Battle start the remake was well done - however I have issues with them calling it battlestar galalactica - but thats for another time.

They already did a remake of knight rider - though this one had the look of a slightly older power rangers, with different cars/bikes - and a really big CGI plane to carry them all over the place. Acting quality was low, as was story and the rest, so I view the new knight rider with some skeptesisum (SP)


----------



## Brigitte (Oct 2, 2007)

Yeah, bringing it back won't be the same as the original.  I don't know how "Bionic Woman" on NBC is doing, but I can't imagine it to be doing so well.  I hope the behavior by networks to bring back old shows doesn't become a trend.


----------



## Dave (Oct 2, 2007)

I didn't care that much for the original show either, but I have an acquaintance who still rates it as his all-time favourite TV show. Amazingly, he is not alone, somehow it has gained quite a cult following... well it takes all sorts!


----------



## unclejack (Oct 2, 2007)

Well, I gotta say that I was a child of the 80s so yeah, I'm definately a fan of the original Knight Rider. Knight Rider, Macgyver, The A-Team, and The Incredible Hulk were all shows that I grew up on. I still love the incredible hulk.

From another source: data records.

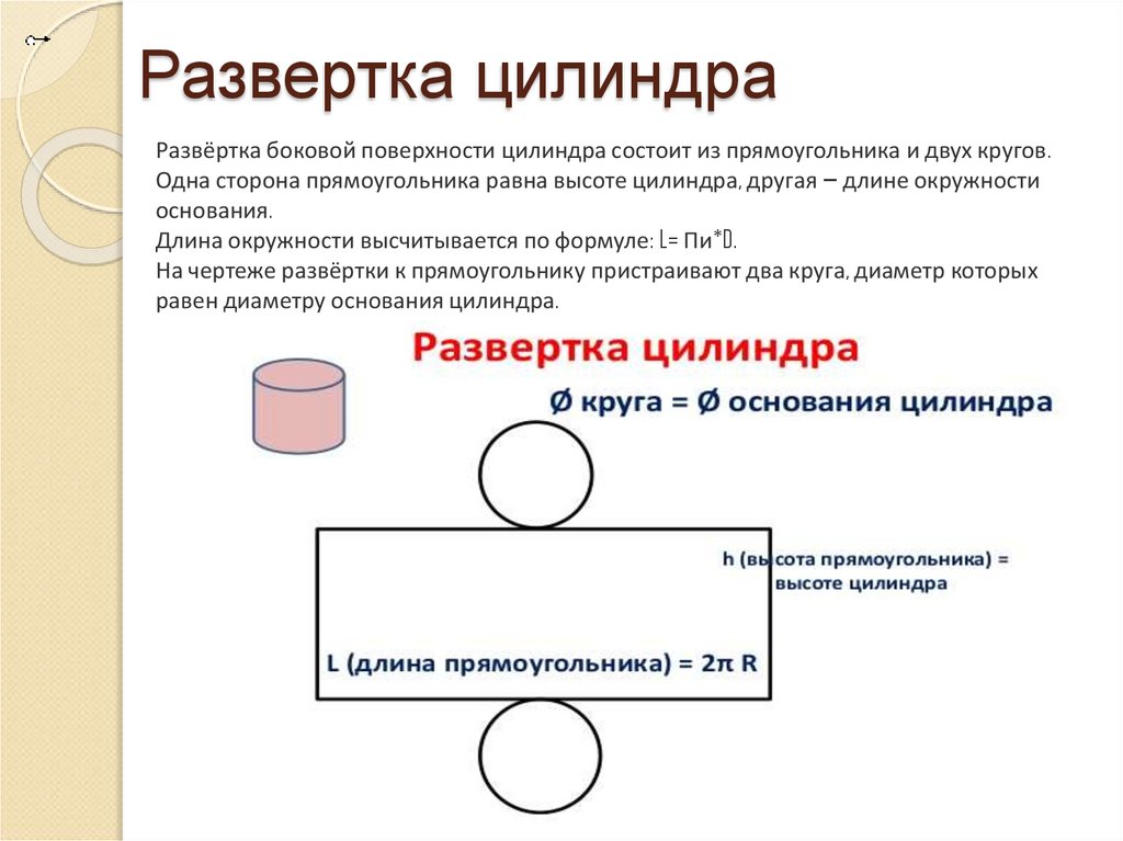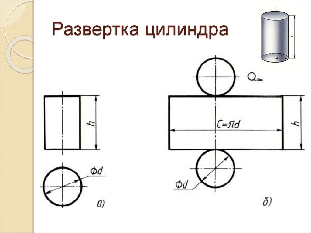 Развёртка боковой поверхности цилиндра состоит из прямоугольника и двух кругов.Одна сторона прямоугольника равна высоте цилиндра, другая – длине окружности
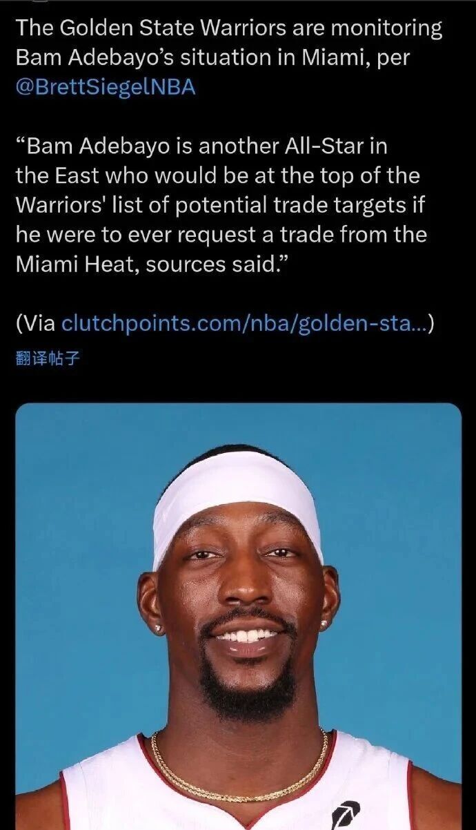 名记Siegel:倘若有一天阿德巴约跟热火申请提桶跑路,他就会是勇士交易目标的首要人选。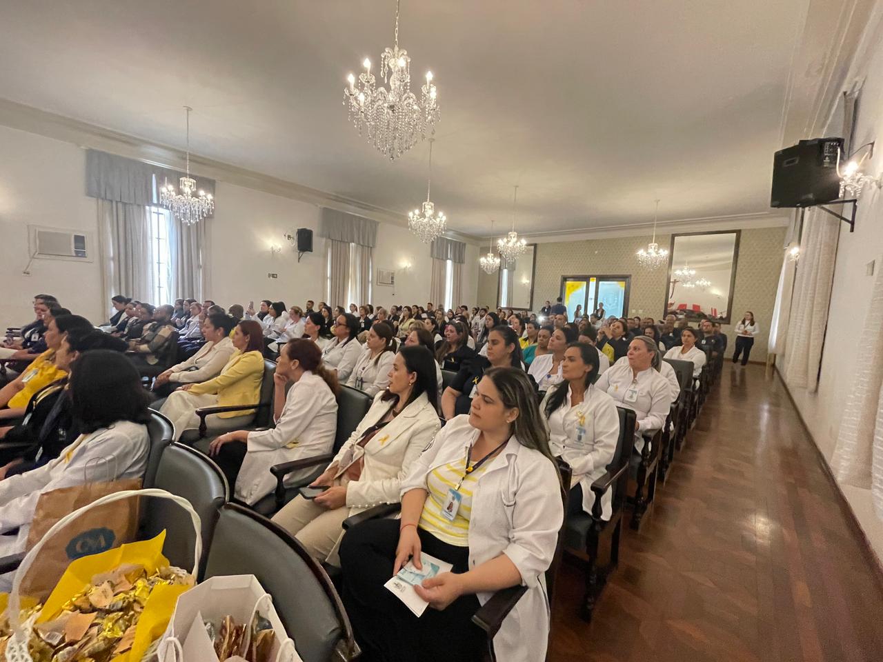 Em seguida, a enfermeira Gislane Lacerda Aleixo Soares, que atua na ala de psiquiatria, fez uma palestra para alertar sobre os sinais que as pessoas podem apresentar quando estão precisando de cuidados relacionados com a saúde mental.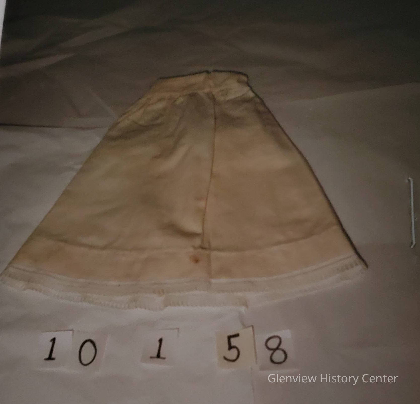 Doll cotton petticoat; gore skirt with lace trimmed hem 3/4" waistband; closure (no hook and eye) placket back opening - machine stitching 1-1/4" above hem; skirt length: 11-1/4"
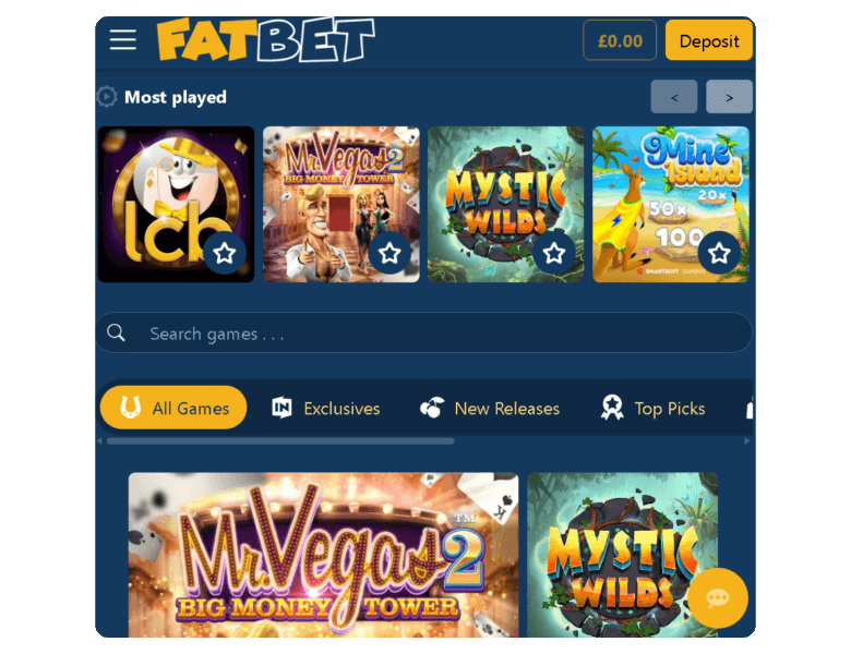 Fatbet doesn’t have the creative flair of Dunder casino for design, nor does it have the polished app of Cocoa Casino. But it does manage to work on both levels. The HTML5 mobile website uses an unembellished design, which works in favour of easy navigation and focused gaming.

I had kinda wished that the movie would have been based on the show more than on the comics but either way it still sucked.


----------



## Steve Jordan (Oct 8, 2007)

I'm just tired of the remakes.  _Galactica_ is a program with excellent writing, characters and effects... but based on a silly premise that should never have been resurrected in the first place.  (Let's face it: If the Cylons had wanted all humans dead, they'd all be dead.)

You want to give us crimefighters with transformer-cars?  Fine.  But put a little effort into an original set-up, willya?


----------